The Mughal court and the predominant Hindu subculture influenced the kitchens of
the Nizams so much so that even the brinjal takes the form of baghare baigan,
embodying it with the flavor of a fine dish indeed. Influenced by the Mughals, but
without the natural resources of fresh fruits, saffron and other
ingredients, Hyderabadi cuisine is lighter, the taste more distinct and the fresh fruit
normally used is replaced by dried fruits. Lamb is a great favourite.

Andhra food, in turn, is different from Hyderabadi, as


day from night.
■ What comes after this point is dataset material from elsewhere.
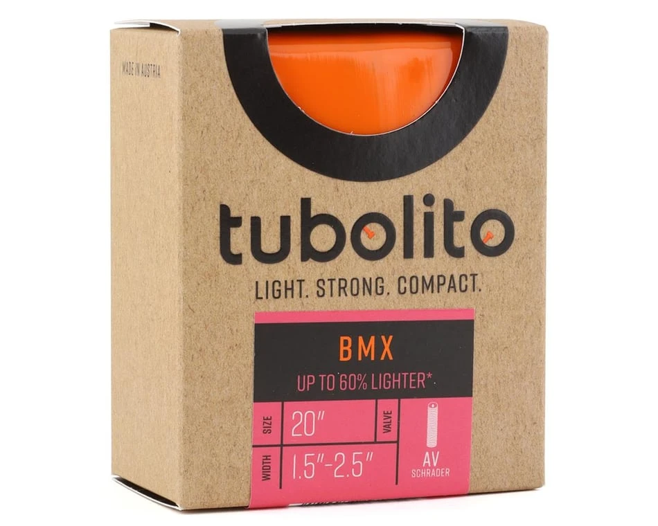 The Tubolito Tubo 20″ BMX Inner Tube is not only one of the lightest tubes available, but it’s also the strongest. Made from proprietary high-tech thermoplastic elastomer, the Tubo inner tube is about 50-60% lighter, yet 2 times stronger than a standard butyl inner tube. While the material is extremely light, the tube’s 4-ply construction aids in puncture and pinch resistance.

Like southern foods, the typical dosa
etc., can be found in many restaurants, but the
favourite remains to be pesarattu, a dosa (rice
pancake) which has filling of upma made with
semolina and onions in it. Rasam, fire-hot, is typical
favourite of the southern region. The more famous
muligatawny soup of the west is derived from the
Telugu mullkigatanni or pepper water.

Served in its original form, it is hot enough to scald the tongue. The spicy chutneys
and pickles of Andhra, specially mango and shrimp, are a great favourite. Andhra
cuisine is largely vegetarian, with only the coastal areas showing a marked
preference for seafood. Fish and Prawn are curried in sesame and coconut oils, and
flavored with freshly ground pepper and eaten with rice. Rice, the staple Andhra
food, is served with sambar, other lentil preparations along with vegetables.

Snack time could mean onion pakodas, vadas or savoury doughnuts dunked in
steaming hot sambar and steamed rice dumplings called idli.Savories are murku,
roundels of rice flour that are deep fried and appadams. For desserts, try payasam, a
pudding made with rice and milk and of course the famed Sheer Khurma- a
Hyderabadi delicacy with dry fruits and dates.

Chowki Dinner :

Andhra Pradesh Tourism offers on order a typically Hyderabadi multi-course dinner


served on a low table (Chowki) around which 8 people can squat. Authentic
Hyderabadi cuisine is served course by course, as the Nawabs were served with a
Deccan ambience accompanied by traditional entertainment like Ghazals.